The Visual Studio properties page, debug tab provides check boxes for Windows authentication and anonymous authentication.

![Windows Authentication Browser Screenshot](windowsauth/_static/vs-auth-property-menu.png)

You can also configure these properties in the `launchSettings.json` file:

```json
{
  "iisSettings": {
    "windowsAuthentication": true,
    "anonymousAuthentication": false,
    "iisExpress": {
      "applicationUrl": "http://localhost:52171/",
      "sslPort": 0
    }
  } // additional options trimmed
}
```

## Enabling Windows Authentication with IIS

IIS uses the [ASP.NET Core Module](xref:fundamentals/servers/aspnet-core-module) (ANCM) to host ASP.NET Core apps. The ANCM flows Windows authentication to IIS by default. Configuration of Windows authentication is done within IIS, not the application project. The following sections show how to use IIS Manager to configure an ASP.NET Core app to use Windows authentication:

### Create a new IIS site

Specify a name and folder and allow it to create a new application pool.

### Customize Authentication

Open the Authentication menu for the site.

![IIS Authentication Menu](windowsauth/_static/iis-authentication-menu.png)

Disable Anonymous Authentication and enable Windows Authentication.

![IIS Authentication Settings](windowsauth/_static/iis-auth-settings.png)

### Publish your project to the IIS site folder

Using Visual Studio or the .NET Core CLI, *publish* your app to the destination folder.

![Visual Studio Publish Dialog](windowsauth/_static/vs-publish-app.png)

Learn more about [publishing to IIS](xref:publishing/iis).

Launch the app to verify Windows authentication is working.

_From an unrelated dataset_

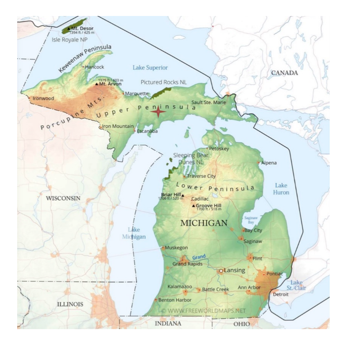
Figure 1: The position of the site study in Michigan.

Looking into the soil type which is mixed, there is Histic endoaquod, frigid, and sand, which form the Kinross soil (Ruth, 2018). The drainage of the soil is very poor, which allows the wetland vegetation to thrive. The soil goes down to up most 12.5 meters, and the top part is composed mostly of decomposed material. The amount of clay is negligible with equal acidity all through (Table 3). The water table does not go so deep, making the area wet most time of the year.

## Enabling Windows authentication with WebListener

Although Kestrel doesn't support Windows authentication, you can use [WebListener](xref:fundamentals/servers/weblistener) to support self-hosted scenarios on Windows. The following example configures the app's web host to use WebListener with Windows authentication:

```csharp
public class Program
{
    public static void Main(string[] args)
    {
        var host = new WebHostBuilder()
            .UseWebListener(options =>
            {
                options.ListenerSettings.Authentication.Schemes = 
                    AuthenticationSchemes.Negotiate | AuthenticationSchemes.NTLM;
                options.ListenerSettings.Authentication.AllowAnonymous = false;
            })
            .UseContentRoot(Directory.GetCurrentDirectory())
            .UseStartup<Startup>()
            .Build();

        host.Run();
    }
}
```

## Working with Windows authentication

If your app uses Windows authentication and anonymous access, you can use the ``[Authorize]`` and ``[AllowAnonymous]`` attributes. Apps that do not have anonymous enabled do not require ``[Authorize]``; the  app is treated as requiring authentication, anonymous requests are rejected. Note, if the IIS site is configured **not** to allow anonymous access, the ``[AllowAnonymous]`` attribute does **not** allow anonymous requests. The ``[AllowAnonymous]`` attribute overrides ``[Authorize]`` attribute usage within apps that allow anonymous access.

### Impersonation

ASP.NET Core does not implement impersonation. Apps run with the application identity for all requests, using app pool or process identity. If you need to explicitly perform an action on behalf of a user, use ``WindowsIdentity.RunImpersonated``. Run a single action in this context and then close the context. Note that ``RunImpersonated`` does not support async and should not be used for complex scenarios. For example, wrapping entire requests or middleware chains is not supported or recommended.